Hugh O'Reilly (Irish: Aodh Ó Raghallaigh; c.1580–1653) was an Irish prelate of the Roman Catholic Church. He served as Bishop of Kilmore from 1625 to 1628 and Archbishop of Armagh from 1628 to 1653.
|Reference style||The Most Reverend|
|Spoken style||Your Grace or Archbishop|
He was the son of Honora and Mulmore O'Reilly, who was the grandson of the chief of the O'Reilly clan, Fearghal macSeaán, who ruled East Breifne from 1526–1534. Hugh O'Reilly was thus eligible for election to the chieftainship under the system of deirbhfhine. Hugh O'Reilly's genealogy is Aodh son of Maol Mórdha son of Aodh son of Fearghal son of Seaán son of Cathal son of Eóghan na Fésóige. Mulmore O'Reilly had four sons by his wife Honora- Émonn, Hugh O'Reilly (Archbishop of Armagh), Fearghal and Domhnall. He also had an illegitimate son, Cathaoir. In the Plantation of Ulster by grant dated 29 April 1611, King James VI and I granted the town and lands of Gortatowill containing 6 polls, comprising a total of 300 acres at an annual rent of £3-4s., to Mulmore McHugh McFarrall O'Rely, gent. Gortatowill now comprises the townlands of Prospect, Corlough and Tawnagh in Corlough parish. Mulmore died sometime between 1611 and 1637.
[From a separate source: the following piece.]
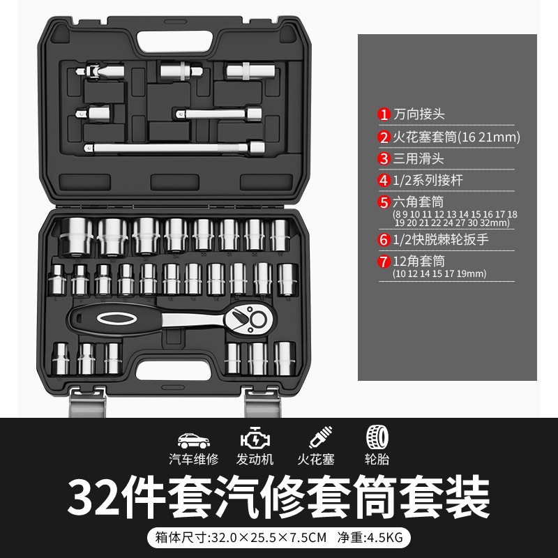 [24-tooth straight handle ratchet special offer] 46 pieces xiaofei sleeve set

Hugh O'Reilly was born in the townland of Aghaweely Lower in the parish of Ballintemple and was educated by the local Franciscan Order. He was ordained a priest in 1618 and pursued further studies in Rouen College. He was appointed Bishop of Kilmore on 9 June 1625, and consecrated at St Peter's Church, Drogheda by Archbishop Thomas Fleming of Dublin in July 1625. Three years later, he was translated to the Metropolitan see of Armagh as archbishop and primate by three consistorial acts: dated 5 May, 31 July, and 31 August 1628.
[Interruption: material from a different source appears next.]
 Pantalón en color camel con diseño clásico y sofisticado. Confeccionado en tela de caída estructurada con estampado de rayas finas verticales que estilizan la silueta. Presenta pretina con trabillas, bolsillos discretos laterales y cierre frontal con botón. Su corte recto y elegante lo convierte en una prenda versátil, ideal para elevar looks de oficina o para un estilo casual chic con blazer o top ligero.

O'Reilly in perhaps most famous for calling a synod of bishops at Kells, County Meath in March 1642 to discuss the ongoing Irish Rebellion of 1641. The synod called for an end to the killing of unarmed civilians and robberies, and most considered that the aims of the conflict in support of Catholic rights and King Charles amounted to a just war. A smaller group of clergy met with the Catholic nobility at Kilkenny from May 1642, resulting in the founding of the Irish Confederacy later that year, which O'Reilly supported for the rest of his life.